The first episode was broadcast on BBC TV 8 February 1964, and was watched by 10.4 million viewers, retaining the high viewing figures from the previous episode. The second episode's broadcast on 15 February received slightly lower ratings, with 9.9 million viewers. The two episodes received an Appreciation Index of 61 and 60, indicating positive audience response.
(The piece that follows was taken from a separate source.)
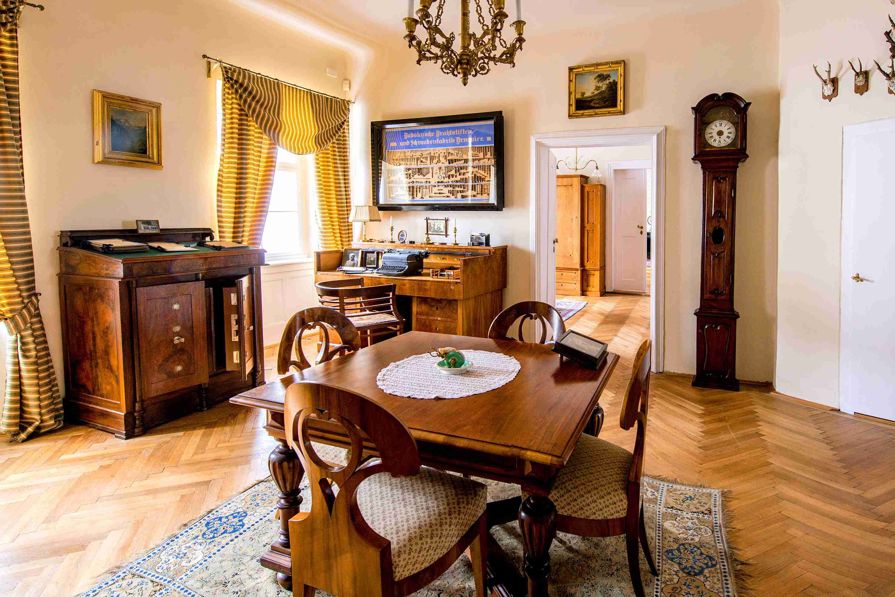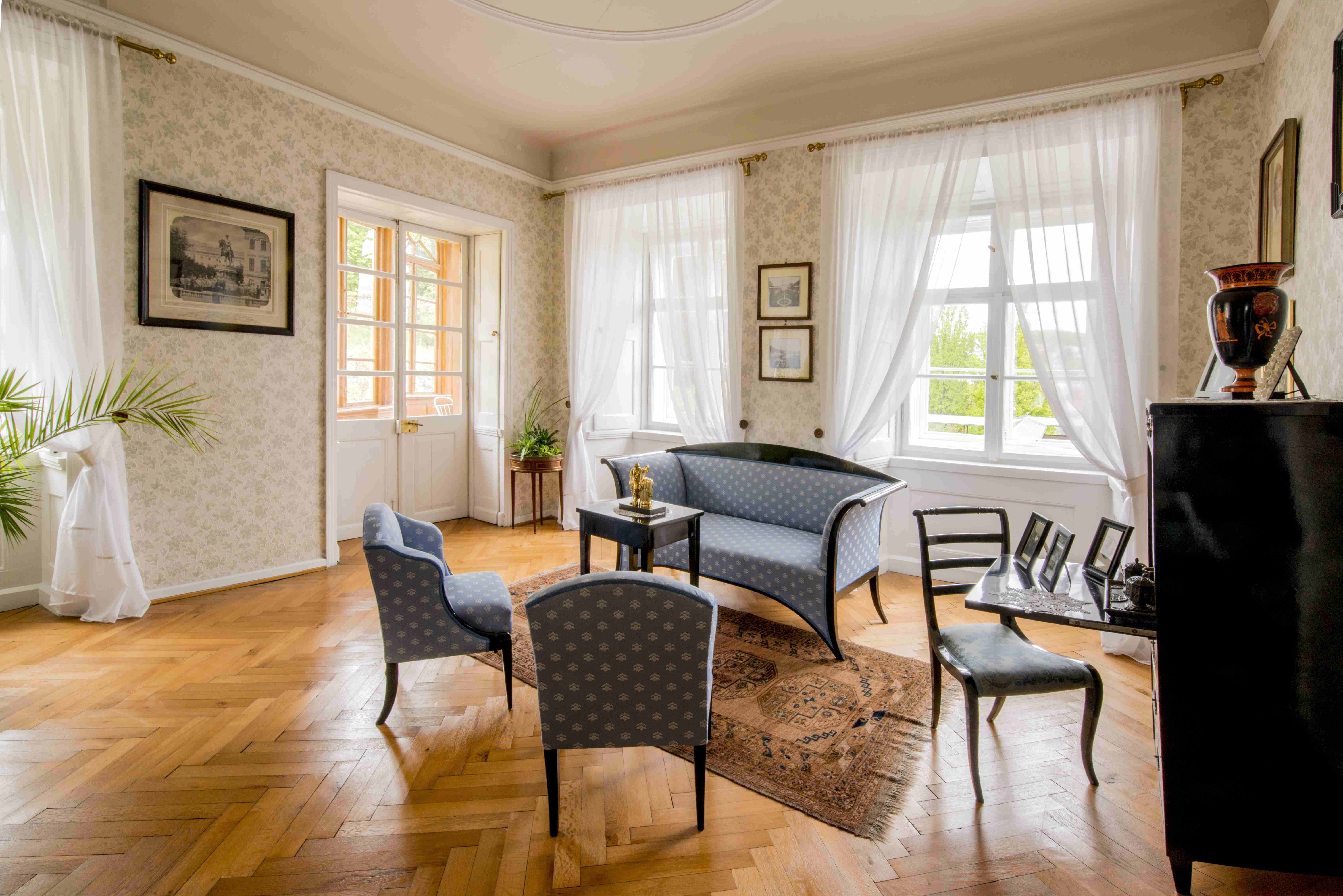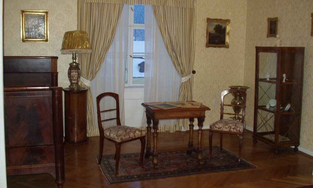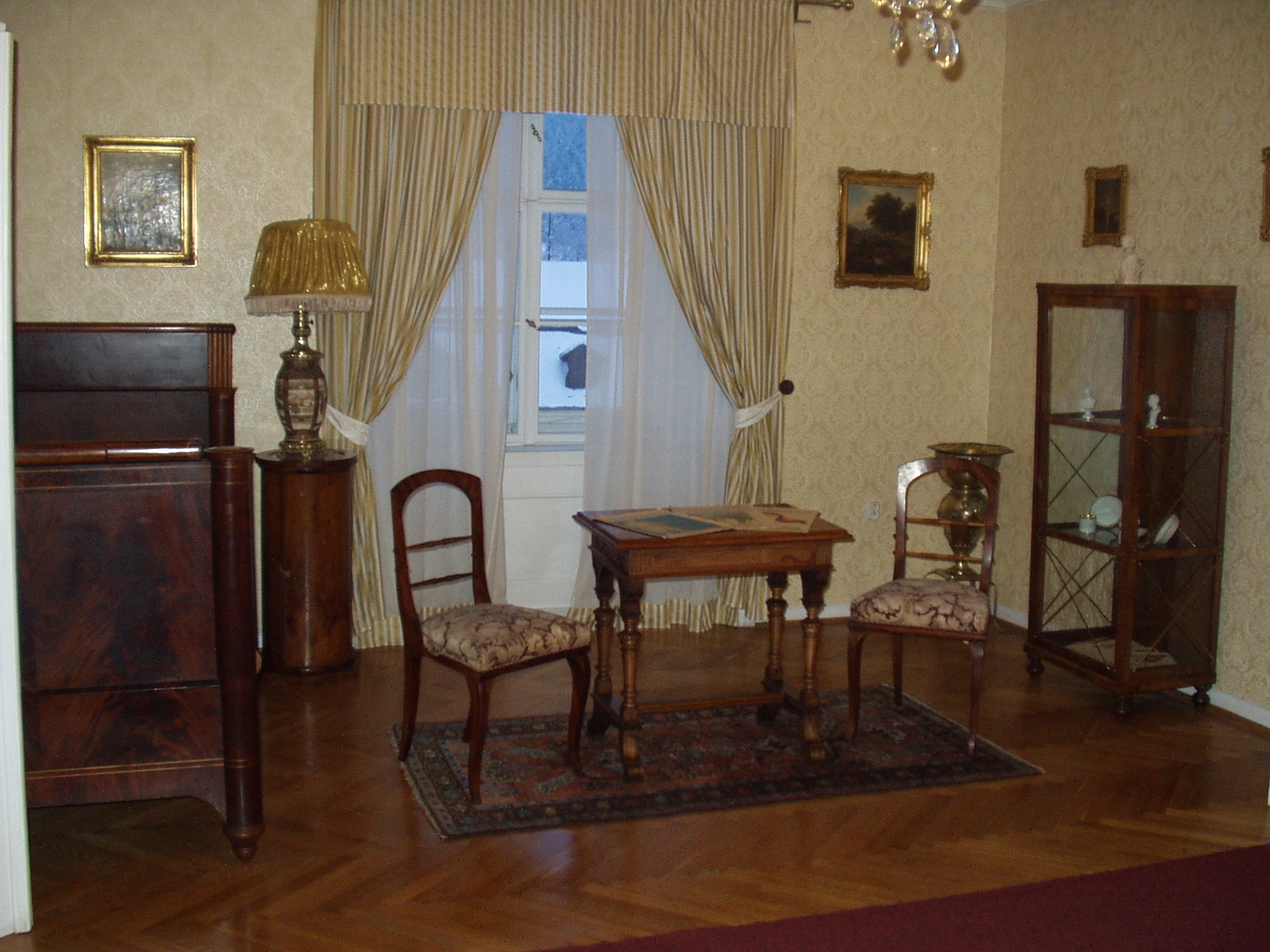 Bibliothek der Österreichischen Schriftstellerin Marie von Ebner – Eschenbach, Repräsentationsräume, Damenappartements, Waffenkammer und Bibliothek von Erwin Dubsky.
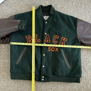 One of a kind jacket that references the 1919 black sox scandal, in which the white sox purposely lost the world series to spite their owner and profit with local bookies. This jacket is real wool, made in usa, and from the 90s. Overall good condition, only minor wear in the sleeves but not too bad at all.

| Episode | Title | Run time | Original release date | UK viewers (millions) | Appreciation Index |
|---|---|---|---|---|---|
| 1 | "The Edge of Destruction" | 25:04 | 8 February 1964 | 10.4 | 61 |
| 2 | "The Brink of Disaster" | 22:11 | 15 February 1964 | 9.9 | 60 |

=== Critical response ===
At a BBC Programme Review Board Meeting in February 1964, controller of television programmes Stuart Hood felt that the serial's sequences in which Susan uses scissors as a weapon "digressed from the code of violence in programmes"; Lambert apologised for the scenes. In The Discontinuity Guide (1995), Paul Cornell, Martin Day, and Keith Topping wrote that the story "manages to flesh out the central figures at the expense of the plot". In The Television Companion (1998), David J. Howe and Stephen James Walker considered the second episode superior to the first and, noting the serial's origins as a "filler", noted that it "works remarkably well". In A Critical History of Doctor Who (1999), John Kenneth Muir praised the serial's exploration of its characters' relationships, an element that the show would eventually lose after the departure of Russell and Hill. In a 2008 review, Patrick Mulkern of Radio Times described Whitaker as "a master of dialogue, characterisation and atmosphere", but felt he struggled with plot logic, as evidenced by the fast return switch explanation. Despite this, he stated that the ending had "charm" as the TARDIS travellers began to become friends. DVD Talk's John Sinnott felt that The Edge of Destruction was the weakest of the show's first three serials, writing that it had "some good moments" but "overall it doesn't hang together quite as well" as the preceding two stories; he commented that it felt "rushed" and the resolution was a "cop-out". The serial was recommended by Charlie Jane Anders of io9 as an example of the classic series for new viewers to watch, describing it as "a quick hit ... and still just as intense as it was".

== Commercial releases ==
===In print===

A novelisation of this serial, written by Nigel Robinson, was published in hardback in May 1988, with a cover painting by Alister Pearson; the paperback was published by Target Books on 20 October 1988. Since Whitaker died before novelising his scripts, Robinson considerably expanded the serial for the book. An audiobook reading of the novelisation, narrated by William Russell, was published by BBC Audiobooks on CD on 31 August 2010.

===Home media===
An extract from the second episode, dubbed in Arabic, was included on the VHS release Doctor Who: The Hartnell Years in June 1991. The full story was first released on VHS in May 2000, alongside the pilot episode of An Unearthly Child. For the DVD release on 30 January 2006, the serial was released as part of Doctor Who: The Beginning alongside the preceding two stories, with several special features. An audio version of the serial, with linking narration by Ford, was released as a vinyl record by Demon Records on 2 May 2024, as part of Record Store Day. The Edge of Destruction was added to BBC iPlayer on 1 November 2023 alongside most other serials.